Искра жизни - Эрих Мария Ремарк
Шрифт:
Интервал:
Закладка:
Солнце отбросило изломанный прямоугольник света на кусок стены справа от окна. На нем проступили поблекшие от времени письмена. Это были надписи и имена прежних обитателей барака – тех, кто сидел в нем в Польше, потом на востоке Германии. Разные это были надписи – иные просто нацарапаны карандашом, иные же врезаны в дерево поглубже куском проволоки или гвоздем.
Многие из них пятьсот девятый помнил наизусть. Он знал, к примеру, что сейчас в верху прямоугольника выползло из темноты имя, обведенное глубокой рамочкой, – «Хайм Вольф, 1941». Видимо, Хайм Вольф запечатлел его на стене в тот час, когда понял, что смерть близка, вот и обвел имя глубокими штрихами, чтобы никто не присоединился. Он хотел увековечить себя здесь раз и навсегда, чтобы один он на этом кусочке стены был и остался, «Хайм Вольф, 1941» – и цепочка черточек вокруг, чтобы ни одно имя больше сюда не вписалось; это отец в последний раз заклинал судьбу, надеясь хоть так спасти своих сыновей. Но под его именем, под рамочкой, вплотную, словно стараясь уцепиться за него, стояли еще два имени: «Рубен Вольф» и «Мойша Вольф». Первое написано угловатым, неровным ученическим почерком, второе – наискосок и гладко, но как-то покорно и почти без нажима. А другой рукой рядом написано: «Все в газовой камере».
Прямо под ними поверх узловатого сучка в древесине кто-то выцарапал гвоздем: «Йоз. Майер», а рядом: «Л-нт рез. ЖКI и II». Это означало: лейтенант резерва, кавалер Железного креста I и II степеней. Видимо, Майер никак не мог об этом забыть. Наверно, мысль об этих злосчастных побрякушках отравила его последние дни.
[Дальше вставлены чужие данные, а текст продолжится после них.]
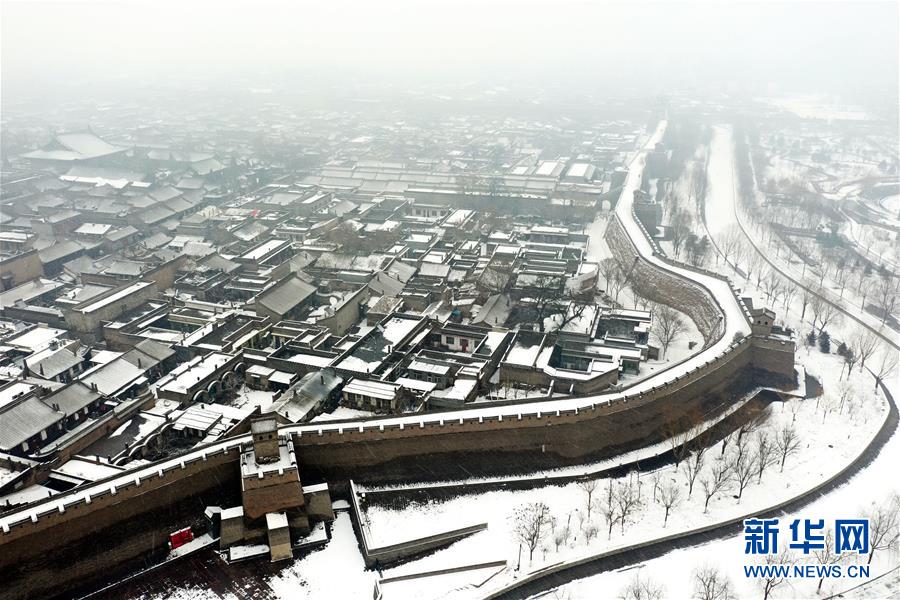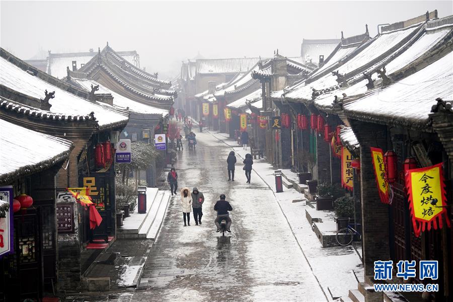 當(dāng)日,山西省平遙縣迎來降雪,雪中的平遙古城銀裝素裹,美景如畫。平遙古城是目前中國保存最完整的古代縣級城池之一,1997年被列入世界文化遺產(chǎn)名錄。
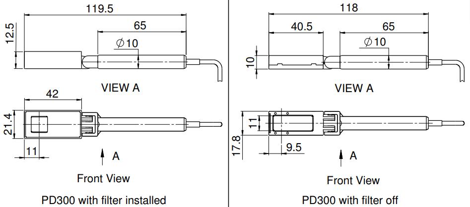 PD300 是一款通用光電二極管激光測量傳感器,具有旋轉安裝和可拆卸濾光片,孔徑為 10x10mm。不帶濾光片時,其光譜范圍為350-1100nm,功率測量范圍為500pW-30mW。帶濾光片的光譜范圍為 430nm - 1100nm,功率范圍為 2μW - 300mW。它具有 Ophir 獨有的自動背景扣除功能。該傳感器帶有一根 1.5 米長的電纜,用于連接到儀表或 PC 接口。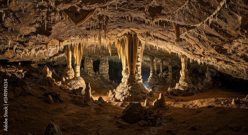 Stunning underground cave with stalactites and stalagmites, illuminated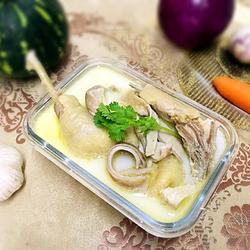 4.Put the pork belly chicken into the pressure cooker and pour in the milk.

В Первую мировую он был на фронте, там стал офицером, был награжден; чтобы получить награду, ему, еврею, наверняка пришлось отбарабанить вдвое больше, чем любому другому. А много лет спустя и тоже только за то, что он еврей, его сперва бросили за решетку, а потом отравили, как вредное насекомое. Несомненно, он был убежден, что по отношению к нему, лично к нему, совершена куда большая несправедливость, чем к кому-то другому, ведь он фронтовик и кавалер боевых орденов. Он ошибся.
Награды и отличия не облегчили ему смерть, скорей наоборот. В буковках, что он приписал к своему имени, запечатлелась не столько чудовищная несправедливость судьбы, сколько ее жалкая ирония.
Солнечный прямоугольник двигался дальше. Хайм, Рубен и Мойша Вольфы, которых он задел лишь верхним краем, снова исчезли в темноте. Зато на свет выползли две новые надписи. Одна состояла вообще только из двух букв: «Ф.М.». Тот, кто нацарапал ее гвоздиком, видимо, не придавал такого значения своей персоне, как лейтенант Майер. Даже собственное имя было ему уже почти безразлично, и все-таки не хотелось сгинуть просто так, совсем без следа. Но под этими инициалами опять стояло полное имя. Простым карандашом там было аккуратно выведено: «Тевье Лейбеш с семьей». А рядом, уже торопливо, начало еврейской молитвы каддиш: «Jis gadal…»[1].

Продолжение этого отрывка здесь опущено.